+++ PROVIDED INFORMATION

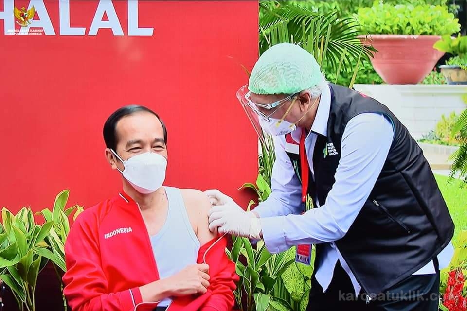 Jakarta, Karosatuklik.com – Presiden Joko Widodo (Jokowi) menjalani vaksinasi ke-2 di Istana Kepresidenan. Selain Jokowi, ada sejumlah tokoh lain yang juga ikut vaksinasi.
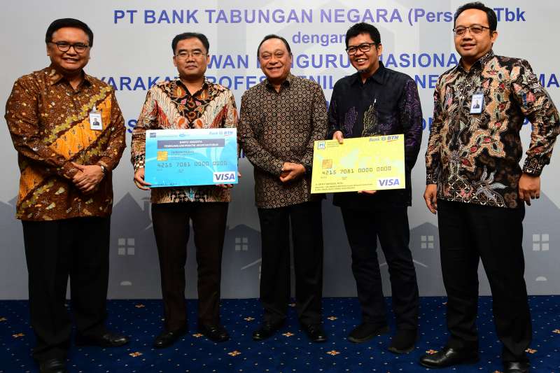 JAKARTA (Pos Sore.com)-PT Bank Tabungan Negara (Persero) Tbk menggandeng Dewan Pengurus Nasional Masyarakat Profesi Penilai Indonesia (DPN-MAPPI) dan Institut Akuntan Publik Indonesia (IAPI) dalam sinergi kerjasama konsultan. Kerjasama ini dimaksudkan untuk meningkatkan perbaikan kualitas penyaluran kredit dan pembiayaan serta perbaikan kualitas jaminan kredit Bank BTN. Direktur Utama Bank BTN Maryono (tengah) foto bersama usai menyaksikan penandatanganan kerjasana tersebut yang ditandatangani masing-masing oleh Direktur Bank BTN Iman Nugroho Soeko (kiri) dan Andi Nirwoto (kanan) Direktur Utama IAPI Tarko Sunaryo (kedua kiri) dan Direktur Utama DPN-MAPPI Okky Danuza (kedua kanan) di Jakarta, Senin (17/12). Bambang Tri P
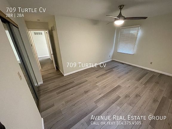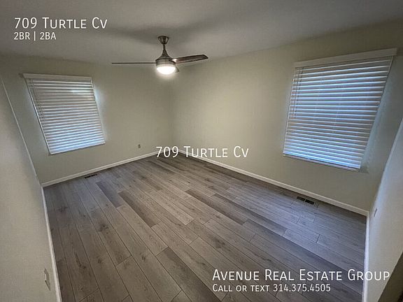 No showings until May 1st. Beautiful 2bed 2bath freshly renovated villa town home in the sought after Turtle Cove Community with spacious 2 car garage! Beautiful VLP flooring thought the entire home. Kitchen features new stainless steel appliances with white cabinets and quartz courter tops with oversize island. Enjoy your oversized living room with electric fire place and custom built-in shelving. Sliding Glass doors open up to your back deck overlooking your spacious level backyard with mature trees. The big master bedroom features fan with overhead lights, ample closet space and its private full bathroom. 2nd bedroom feature overhead light and large closet. The hallway bathroom host an updated vanity, ceramic tile flooring and new tub with shower. Plenty of storage in the clean unfinished basement with extra shelving, washer/dryer hook ups. Located near Queeny Park, school, restaurants, shops and major roadways. This gem won't last long! Lawn Maintenance included! Tenants pay Electric & Water!
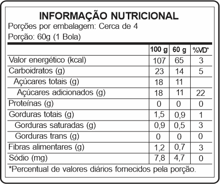 (açúcar, iogurte em pó, maltodextrina, aromatizantes, acidulante ácido cítrico, citrato de sódio e dióxido de silício), gordura de palma, emulsificantes (monoglicerídeos de ácidos graxos destilados, monoestearato de sorbitana e polioxietileno de monoestearato de sorbitana), estabilizante (goma guar, carboximetilcelulose e goma tara), ácido cítrico, aroma e corantes (vermelho bordeaux, amarelo tartrazina, amarelo crepúsculo e azul brilhante).
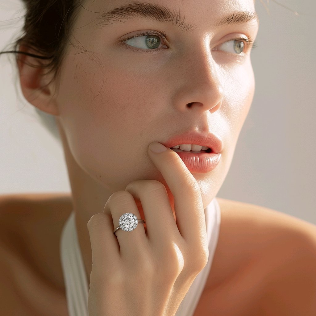 Round Brilliant Cut 0.50ct Diamond Halo Engagement Ring
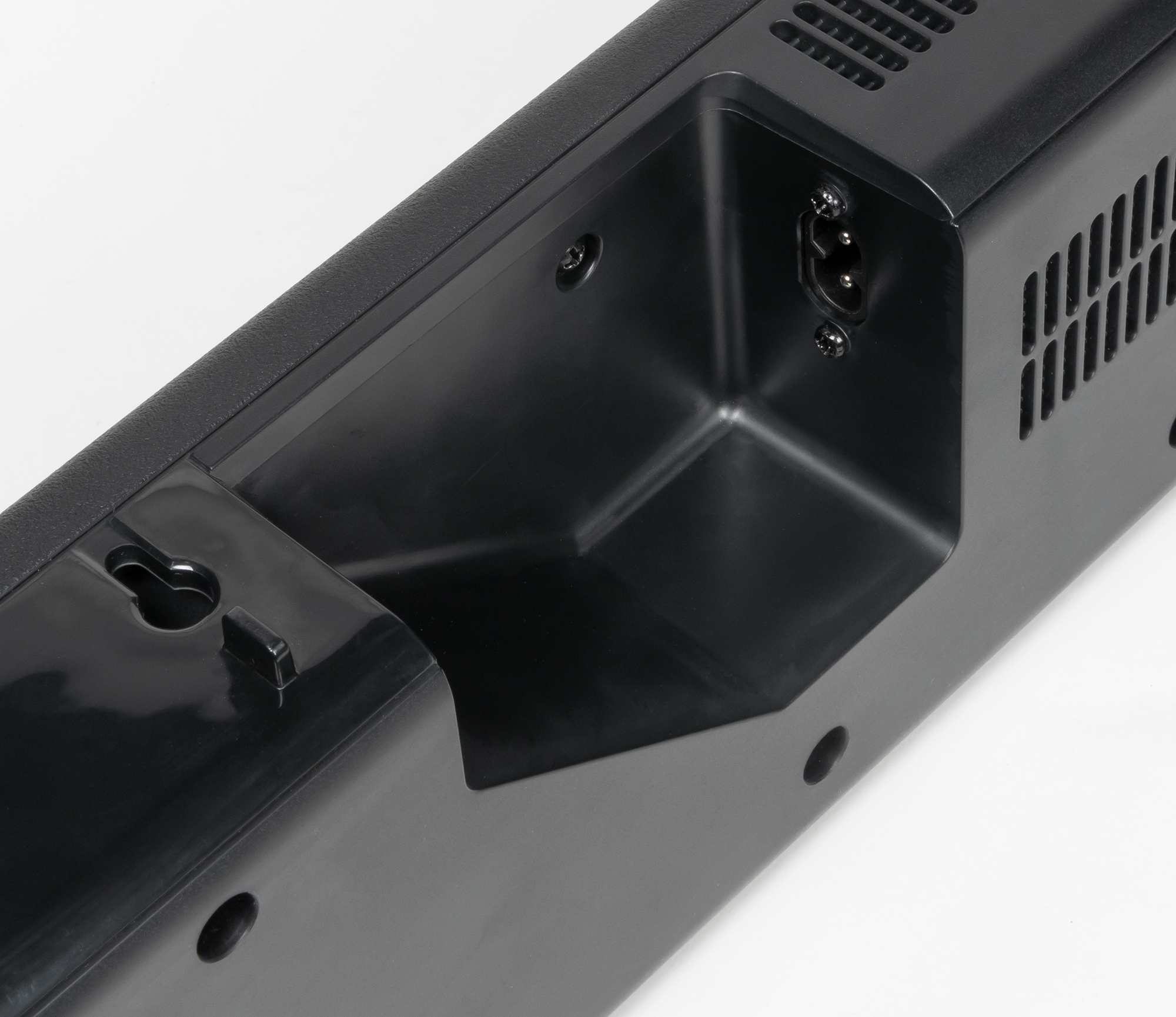 Задняя панель содержит отверстия для крепления устройства на стену, решетки и углубления, в которых размещены панели с разъемами для подключения, о наполнении которых мы поговорим отдельно.
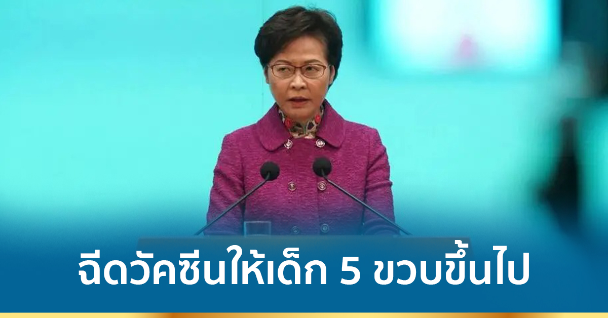 ฮ่องกง 11 ม.ค. – นางแครี่ หล่ำ หัวหน้าคณะผู้บริหารสูงสุดของฮ่องกงกล่าววันนี้ว่า ฮ่องกงจะเริ่มการฉีดวัคซีนป้องกันการติดเชื้อไวรัสโรคโควิด-19 ให้แก่เด็กอายุตั้งแต่ 5 ปีขึ้นไป ในขณะที่ฮ่องกงกำลังพยายามเพิ่มอัตราการฉีดวัคซีนที่ค่อนข้างต่ำในขณะนี้ท่ามกลางการระบาดของโควิด-19 ที่เพิ่มขึ้นในขณะนี้
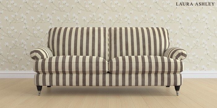 6.12.13 Buy Beaumaris by Laura Ashley 3 Seater Sofa Orla Stripe Dark Truffle Natural Low Chrome Castor - Black from the Next UK online shop Click here to use our accessible website
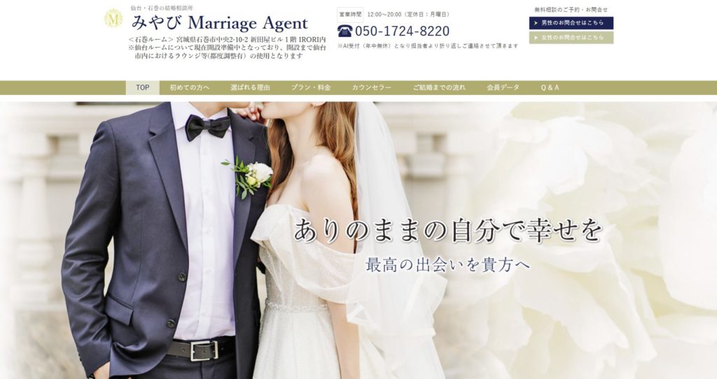 宮城県石巻市を拠点とする「みやびMarriage Agent」は、地元密着で仙台・石巻エリアをカバーし、IBJ連盟加盟による全国ネットワークと現地ならではの手厚いサポートを両立。地域特性に応じた丁寧な婚活支援を提供します。
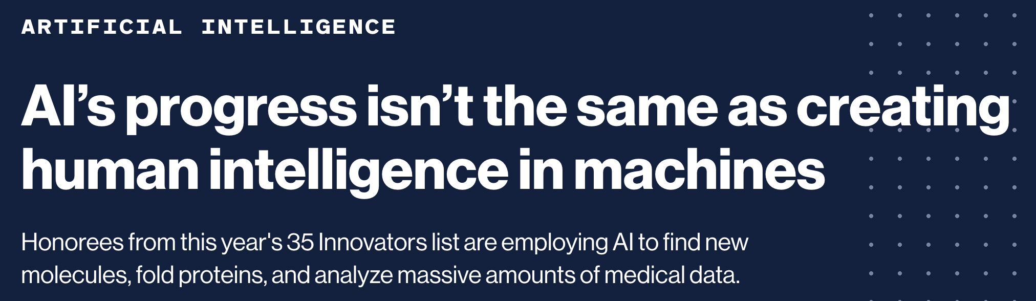 제목에서 알 수 있듯 위 아티클은 AI 의 발전은 기계로 인간 지능을 창조하는 것과 동일하지 않다. 고 말하고 있다.

++++++

## GOAL OF THE EXERCISE:
Your copy of the data above should match it exactly, apart from the images.

## ANSWER TO THIS EXERCISE:
 Jakarta, Karosatuklik.com – Presiden Joko Widodo (Jokowi) menjalani vaksinasi ke-2 di Istana Kepresidenan. Selain Jokowi, ada sejumlah tokoh lain yang juga ikut vaksinasi.
 JAKARTA (Pos Sore.com)-PT Bank Tabungan Negara (Persero) Tbk menggandeng Dewan Pengurus Nasional Masyarakat Profesi Penilai Indonesia (DPN-MAPPI) dan Institut Akuntan Publik Indonesia (IAPI) dalam sinergi kerjasama konsultan. Kerjasama ini dimaksudkan untuk meningkatkan perbaikan kualitas penyaluran kredit dan pembiayaan serta perbaikan kualitas jaminan kredit Bank BTN. Direktur Utama Bank BTN Maryono (tengah) foto bersama usai menyaksikan penandatanganan kerjasana tersebut yang ditandatangani masing-masing oleh Direktur Bank BTN Iman Nugroho Soeko (kiri) dan Andi Nirwoto (kanan) Direktur Utama IAPI Tarko Sunaryo (kedua kiri) dan Direktur Utama DPN-MAPPI Okky Danuza (kedua kanan) di Jakarta, Senin (17/12). Bambang Tri P
 No showings until May 1st. Beautiful 2bed 2bath freshly renovated villa town home in the sought after Turtle Cove Community with spacious 2 car garage! Beautiful VLP flooring thought the entire home. Kitchen features new stainless steel appliances with white cabinets and quartz courter tops with oversize island. Enjoy your oversized living room with electric fire place and custom built-in shelving. Sliding Glass doors open up to your back deck overlooking your spacious level backyard with mature trees. The big master bedroom features fan with overhead lights, ample closet space and its private full bathroom. 2nd bedroom feature overhead light and large closet. The hallway bathroom host an updated vanity, ceramic tile flooring and new tub with shower. Plenty of storage in the clean unfinished basement with extra shelving, washer/dryer hook ups. Located near Queeny Park, school, restaurants, shops and major roadways. This gem won't last long! Lawn Maintenance included! Tenants pay Electric & Water!
 (açúcar, iogurte em pó, maltodextrina, aromatizantes, acidulante ácido cítrico, citrato de sódio e dióxido de silício), gordura de palma, emulsificantes (monoglicerídeos de ácidos graxos destilados, monoestearato de sorbitana e polioxietileno de monoestearato de sorbitana), estabilizante (goma guar, carboximetilcelulose e goma tara), ácido cítrico, aroma e corantes (vermelho bordeaux, amarelo tartrazina, amarelo crepúsculo e azul brilhante).
 Round Brilliant Cut 0.50ct Diamond Halo Engagement Ring
 Задняя панель содержит отверстия для крепления устройства на стену, решетки и углубления, в которых размещены панели с разъемами для подключения, о наполнении которых мы поговорим отдельно.
 ฮ่องกง 11 ม.ค. – นางแครี่ หล่ำ หัวหน้าคณะผู้บริหารสูงสุดของฮ่องกงกล่าววันนี้ว่า ฮ่องกงจะเริ่มการฉีดวัคซีนป้องกันการติดเชื้อไวรัสโรคโควิด-19 ให้แก่เด็กอายุตั้งแต่ 5 ปีขึ้นไป ในขณะที่ฮ่องกงกำลังพยายามเพิ่มอัตราการฉีดวัคซีนที่ค่อนข้างต่ำในขณะนี้ท่ามกลางการระบาดของโควิด-19 ที่เพิ่มขึ้นในขณะนี้
 6.12.13 Buy Beaumaris by Laura Ashley 3 Seater Sofa Orla Stripe Dark Truffle Natural Low Chrome Castor - Black from the Next UK online shop Click here to use our accessible website
 宮城県石巻市を拠点とする「みやびMarriage Agent」は、地元密着で仙台・石巻エリアをカバーし、IBJ連盟加盟による全国ネットワークと現地ならではの手厚いサポートを両立。地域特性に応じた丁寧な婚活支援を提供します。
 제목에서 알 수 있듯 위 아티클은 AI 의 발전은 기계로 인간 지능을 창조하는 것과 동일하지 않다. 고 말하고 있다.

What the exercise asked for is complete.